In these two verses the psalmist prays to God to deliver him from death; there is no obvious connection between this petition and the glad cry of praise for God’s help in verses 11-12. From here to the end of Psalm 10 the composition has the form of a lament by an individual.
Be gracious: see comments on 4.1.
What I suffer translates a word that is used also in verse 12, there translated “the afflicted.”
“My enemies” (Good News Translation) is literally those who hate me (Revised Standard Version); the same verb is used in 5.5. Instead of the verb meaning “to hate,” one Hebrew manuscript has the verb for “to lift up”; so New English Bible “… look upon my affliction, thou who hast lifted me up….”
Good News Translation has translated verse 13c as a plea, “Rescue me” (so Dahood, who comments that the participle “apparently has the force of an imperative”; also Biblia Dios Habla Hoy, New Jerusalem Bible, New International Version).

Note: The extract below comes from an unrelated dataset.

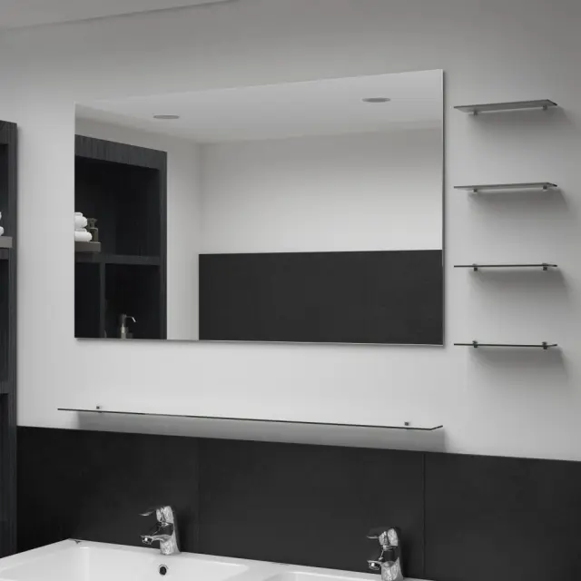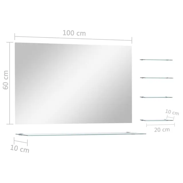 Naše stensko ogledalo s policami je okrašeno z elegantnim dizajnom. Predstavljalo bo praktičen in tudi dekorativen dodatek za vašo kopalnico, dnevno sobo ali spalnico. To kopalniško pohištvo iz kakovostnega kaljenega stekla je vzdržljivo in enostavno za čiščenje. Ogledalo s pravokotnim okvirjem ter minimalističnim in sodobnim dizajnom bo polepšalo vsak prostor, štiri majhne in ena velika polica pa zagotavljajo, da je to praktičen kos pohištva z dodatnim prostorom za shranjevanje. Dekorativne predmete ali druge pripomočke lahko pospravite in razstavite na lep in urejen način. To ogledalo je enostavno za sestavo.Barva: SrebrnaMaterial: Kaljeno stekloVelikost: 100 x 60 cm (Š x V)Velikost spodnje police: 100 x 10 cm (Š x G)Velikost majhne police: 20 x 10 cm (Š x G)Enostavna namestitev na stenoPotrebno sestavljanje: Da 249446

Such interpretation fits better with the following verse, “in order that…,” as a consequence of the action requested. Most translations, however, take it as a participial phrase descriptive of Yahweh as “you who rescue me from death.” Bible de Jérusalem translates as a statement, “You rescue me.”
The gates of death is a figurative phrase for the world of the dead, Sheol, as a city with gates (see Job 38.17; Psa 107.18; Isa 38.10; Matt 16.18); for “Sheol” see comments on 6.5. The gates of death must usually be replaced by a nonmetaphor meaning simply “death,” as in Good News Translation. “To lift up from the gates of death” means to save from death, to prevent the person from dying. As elsewhere, this refers to premature death, to sudden, unexpected death caused by disease or enemies.
In verse 14 the psalmist expresses his desire to recount all thy praises … in the gates of the daughter of Zion (“stand before the people of Jerusalem and tell them,” Good News Translation).
Recount or “tell” translates the verb used also in 9.1.
Thy praises translates a word meaning praise offered to God, thanksgiving, gratitude, which is often used in Psalms (in Hebrew the Book of Psalms has the title “Praises”).
In the gates represents the open place near the gates, inside the city, where people gathered for social, legal, and commercial purposes; so Good News Translation‘s rendering, “before the people of Jerusalem.”
The Hebrew expression the daughter of Zion is a poetic name for Jerusalem and its people; it is more correctly translated “Daughter Zion.” New Jerusalem Bible attempts to catch the poetic quality with “Fair Zion.”
Good News Translation “that I may stand before the people” would imply in some languages that the psalmist is simply reclining and wants to stand upright, rather than to appear in their presence. Therefore this clause may be recast as “in order that I may go to the people of Jerusalem.”
Rejoice: the Hebrew verb means to express joy by means of glad cries.
For deliverance see comments on 3.8; this salvation is from imminent death.
Quoted with permission from Bratcher, Robert G. and Reyburn, William D. A Handbook on the Book of Psalms. (UBS Helps for Translators). New York: UBS, 1991. For this and other handbooks for translators see here .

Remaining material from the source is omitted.